# Step 0: Install necessary packages



In [None]:

!pip install transformers datasets torch


# Step 1: Import Libraries

In [None]:


from transformers import BertTokenizer, BertForSequenceClassification, Trainer, TrainingArguments
from datasets import load_dataset
import torch
import random


# Step 2: Load and Tokenize the English Dataset

# Download the XNLI dataset for English language.

In [None]:

dataset = load_dataset('xnli', 'en')

# Initialize the mBERT tokenizer.
tokenizer = BertTokenizer.from_pretrained('bert-base-multilingual-cased')

# Define the function that tokenizes the premise and hypothesis text.
def tokenize_function(examples):
    # Convert the list of tokens (if not plain strings) to strings
    premise = [ex if isinstance(ex, str) else " ".join(ex) for ex in examples['premise']]
    hypothesis = [ex if isinstance(ex, str) else " ".join(ex) for ex in examples['hypothesis']]
    return tokenizer(premise, hypothesis, padding="max_length", truncation=True)

# Apply the tokenization function to the dataset.
tokenized_datasets = dataset.map(tokenize_function, batched=True)
# Set output format for PyTorch.
tokenized_datasets.set_format('torch', columns=['input_ids', 'attention_mask', 'label'])



# Step 3: Sample a Subset for Training and Validation
# For quicker training, we randomly sample a small subset.


In [None]:
random.seed(42)
train_indices = random.sample(range(len(tokenized_datasets['train'])), 1000)
val_indices = random.sample(range(len(tokenized_datasets['validation'])), 500)

train_dataset = tokenized_datasets['train'].select(train_indices)
val_dataset = tokenized_datasets['validation'].select(val_indices)


# Step 4: Load the mBERT Model for Sequence Classification

# Create a classification model for 3 labels.

In [None]:
model = BertForSequenceClassification.from_pretrained('bert-base-multilingual-cased', num_labels=3)

# Step 5: Set Up Training Arguments and Trainer

In [None]:
training_args = TrainingArguments(
    output_dir='./results',              # Output directory for model predictions and checkpoints
    evaluation_strategy="epoch",         # Evaluate model every epoch
    learning_rate=2e-5,
    per_device_train_batch_size=16,
    per_device_eval_batch_size=16,
    num_train_epochs=3,                  # Train for 3 epochs
    weight_decay=0.01,
    fp16=True,                           # Use mixed precision training
)

trainer = Trainer(
    model=model,
    args=training_args,
    train_dataset=train_dataset,         # English training dataset
    eval_dataset=val_dataset,            # English validation dataset
)

# Fine-tune the model on the English dataset.
trainer.train()


# Step 6: Evaluate the Model on a French Dataset for Cross-Lingual Transfer

# Download the French version of the XNLI dataset.

In [None]:
french_dataset = load_dataset('xnli', 'fr')

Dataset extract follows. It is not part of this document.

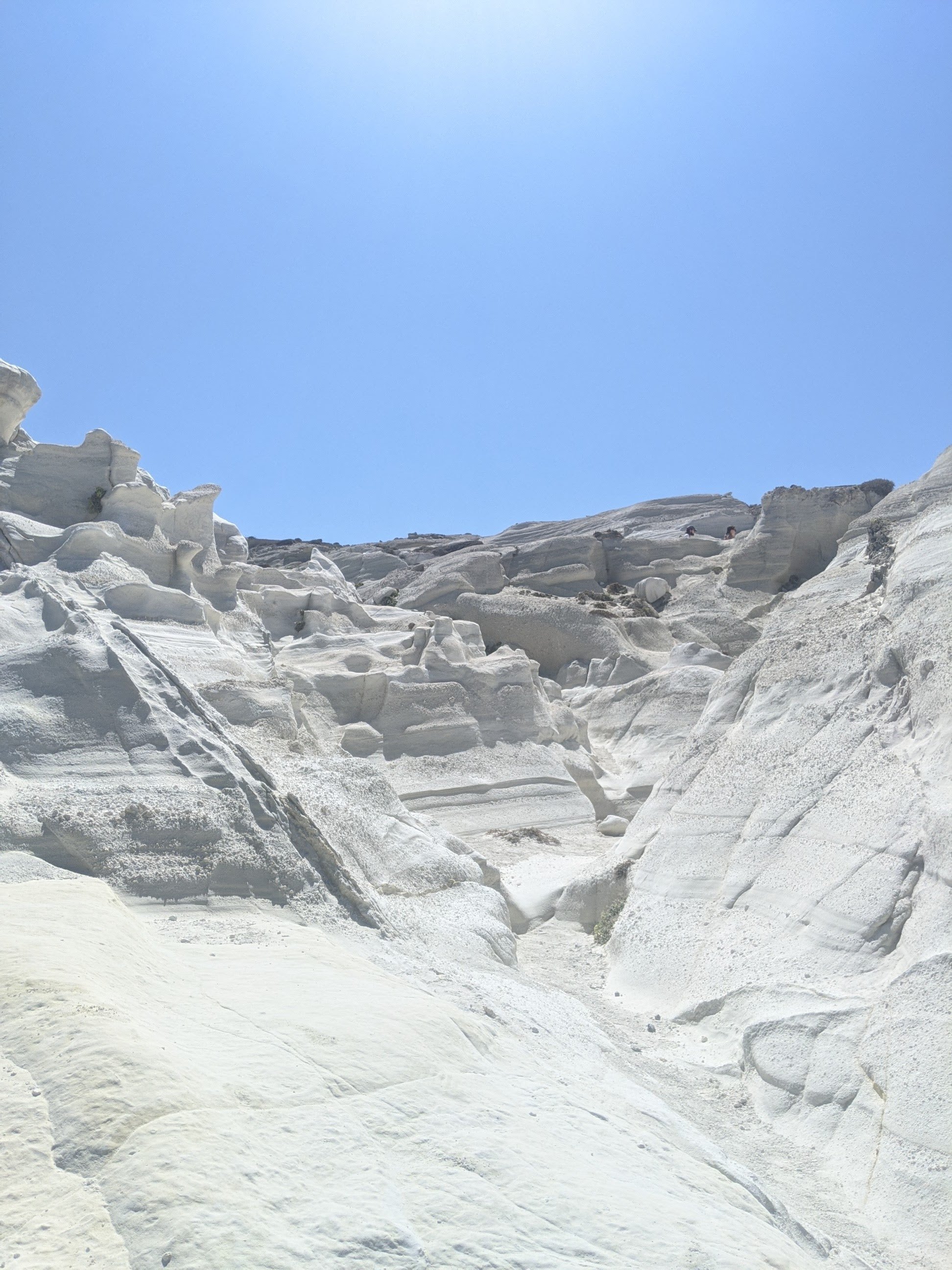 Nous explorons dans un premier temps le nord de l’île. Nous arrêtons évidemment sur la plage lunaire de SARAKINIKIO. Il y a du monde, beaucoup de monde. Nous en profitons tout de même mais reviendrons plus tôt un autre jour. C’est beau, c’est incroyable. Les falaises blanches jouent avec les nuances de bleu de la mer.

# Tokenize the French dataset using the same function.
tokenized_french_dataset = french_dataset.map(tokenize_function, batched=True)
tokenized_french_dataset.set_format('torch', columns=['input_ids', 'attention_mask', 'label'])

# Use the validation portion for evaluation.
french_val_dataset = tokenized_french_dataset['validation']

# Evaluate the model on the French validation set.
results = trainer.evaluate(french_val_dataset)
print("Evaluation results on French dataset:", results)